TASK TO COMPLETE
Below, some lines carry pictures; leave those pictures out and retype exactly the lines from the one with "- A luminous" through the one with "Congratulations Parker! Check".

SUPPLIED RECORDS
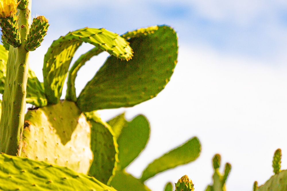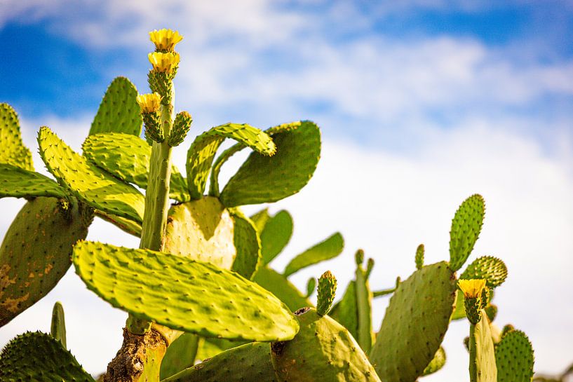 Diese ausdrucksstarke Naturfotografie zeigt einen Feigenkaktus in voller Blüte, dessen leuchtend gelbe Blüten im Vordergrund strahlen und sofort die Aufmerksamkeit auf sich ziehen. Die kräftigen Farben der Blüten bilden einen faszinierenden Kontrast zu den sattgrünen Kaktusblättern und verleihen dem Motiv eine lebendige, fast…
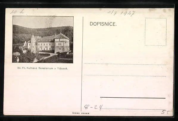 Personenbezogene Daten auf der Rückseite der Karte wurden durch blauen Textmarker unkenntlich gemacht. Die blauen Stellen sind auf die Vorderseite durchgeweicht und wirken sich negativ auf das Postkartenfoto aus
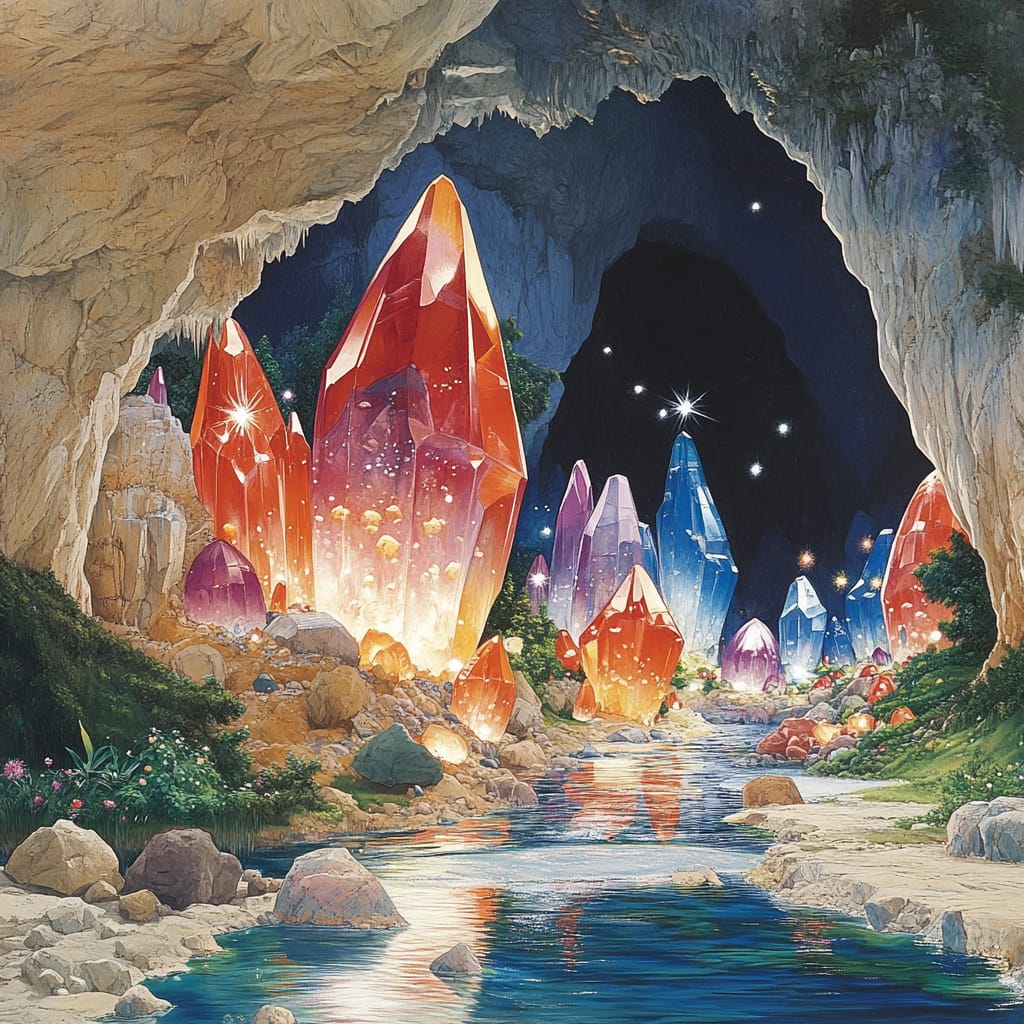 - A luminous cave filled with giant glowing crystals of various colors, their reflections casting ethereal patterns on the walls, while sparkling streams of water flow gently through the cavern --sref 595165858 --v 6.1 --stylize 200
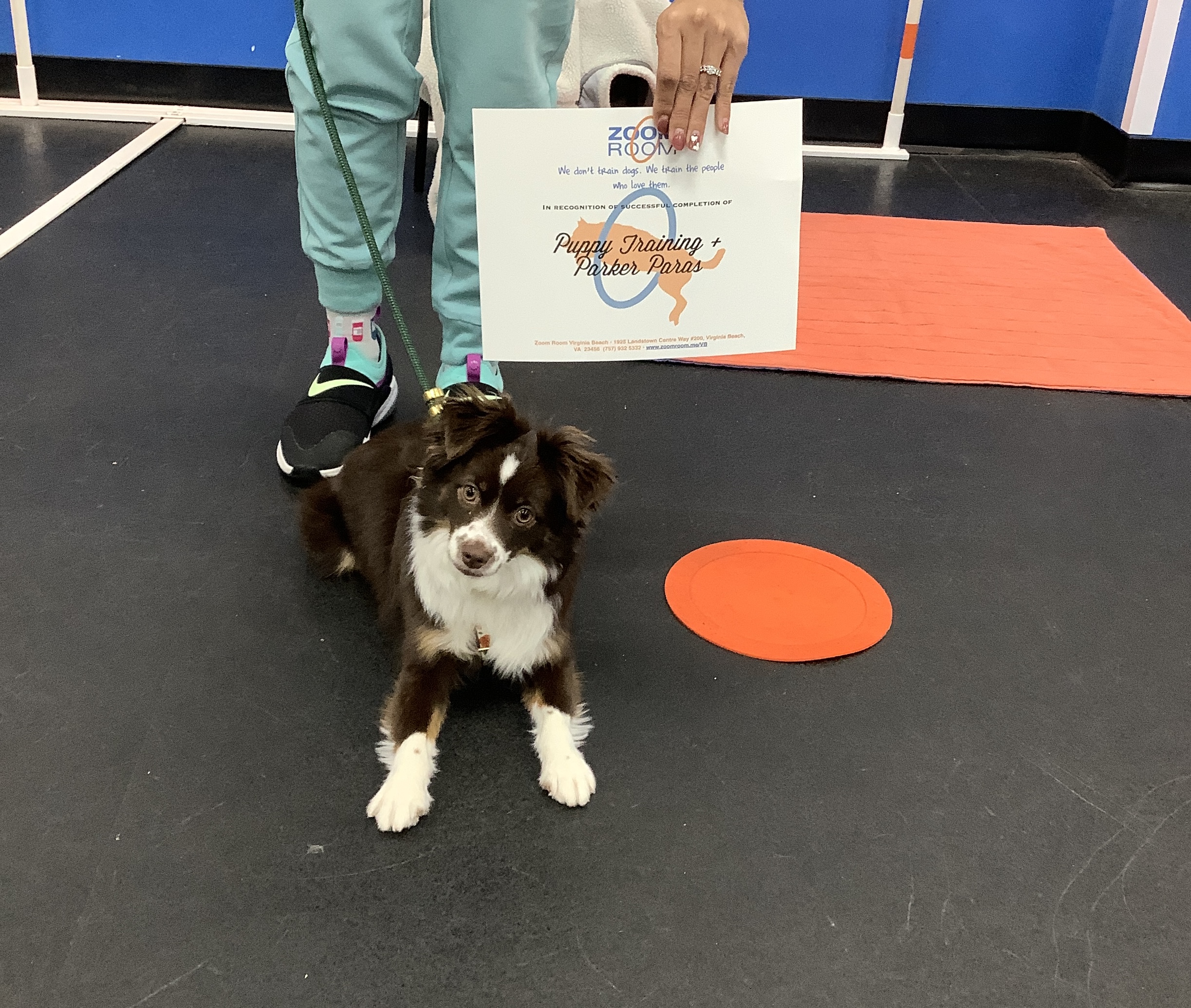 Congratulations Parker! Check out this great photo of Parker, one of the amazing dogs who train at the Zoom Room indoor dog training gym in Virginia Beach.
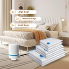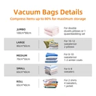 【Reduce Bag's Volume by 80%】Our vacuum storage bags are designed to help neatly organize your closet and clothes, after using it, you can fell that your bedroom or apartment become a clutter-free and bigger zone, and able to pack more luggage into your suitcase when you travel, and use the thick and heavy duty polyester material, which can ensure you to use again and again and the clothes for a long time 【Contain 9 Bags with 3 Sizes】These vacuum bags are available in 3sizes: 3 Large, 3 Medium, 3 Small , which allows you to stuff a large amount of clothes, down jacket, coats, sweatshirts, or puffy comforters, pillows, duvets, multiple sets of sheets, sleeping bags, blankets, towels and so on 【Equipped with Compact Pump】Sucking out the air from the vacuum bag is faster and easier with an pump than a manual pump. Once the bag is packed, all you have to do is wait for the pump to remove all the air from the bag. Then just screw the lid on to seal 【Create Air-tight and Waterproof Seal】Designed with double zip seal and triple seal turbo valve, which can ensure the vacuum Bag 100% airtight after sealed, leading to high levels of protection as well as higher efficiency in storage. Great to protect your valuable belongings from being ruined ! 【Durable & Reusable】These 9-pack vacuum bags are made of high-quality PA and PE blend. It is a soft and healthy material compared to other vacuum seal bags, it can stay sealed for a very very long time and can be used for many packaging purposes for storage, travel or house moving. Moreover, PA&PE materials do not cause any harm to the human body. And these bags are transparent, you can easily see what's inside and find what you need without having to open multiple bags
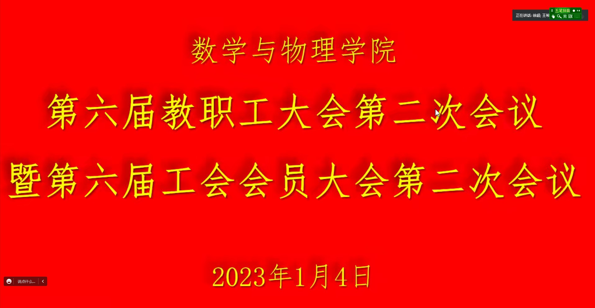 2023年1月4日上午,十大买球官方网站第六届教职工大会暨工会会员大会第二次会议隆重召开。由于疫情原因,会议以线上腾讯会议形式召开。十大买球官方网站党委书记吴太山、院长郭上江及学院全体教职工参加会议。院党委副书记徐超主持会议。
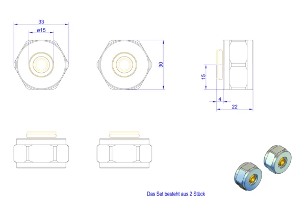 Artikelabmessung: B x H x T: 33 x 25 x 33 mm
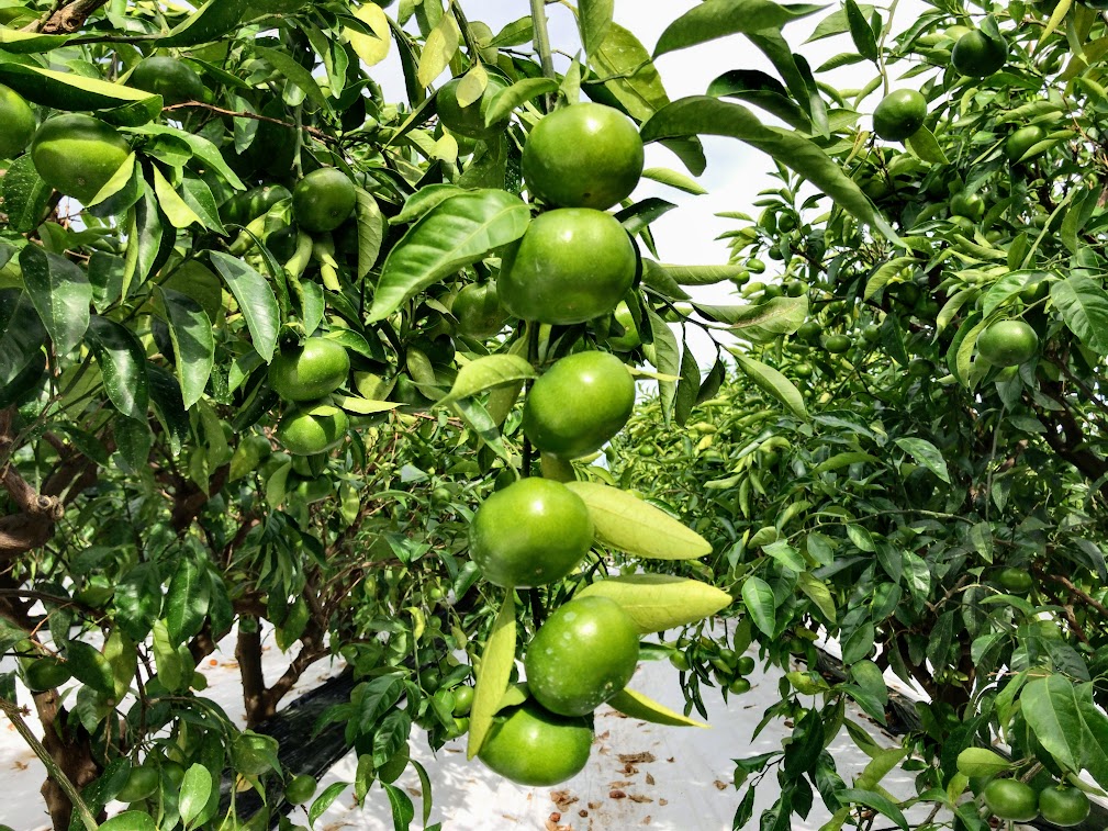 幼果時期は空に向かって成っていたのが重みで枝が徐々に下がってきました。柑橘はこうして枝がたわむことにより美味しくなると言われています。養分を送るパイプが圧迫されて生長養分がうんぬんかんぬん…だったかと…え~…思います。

ANSWER TO THIS EXERCISE
 - A luminous cave filled with giant glowing crystals of various colors, their reflections casting ethereal patterns on the walls, while sparkling streams of water flow gently through the cavern --sref 595165858 --v 6.1 --stylize 200
 Congratulations Parker! Check out this great photo of Parker, one of the amazing dogs who train at the Zoom Room indoor dog training gym in Virginia Beach.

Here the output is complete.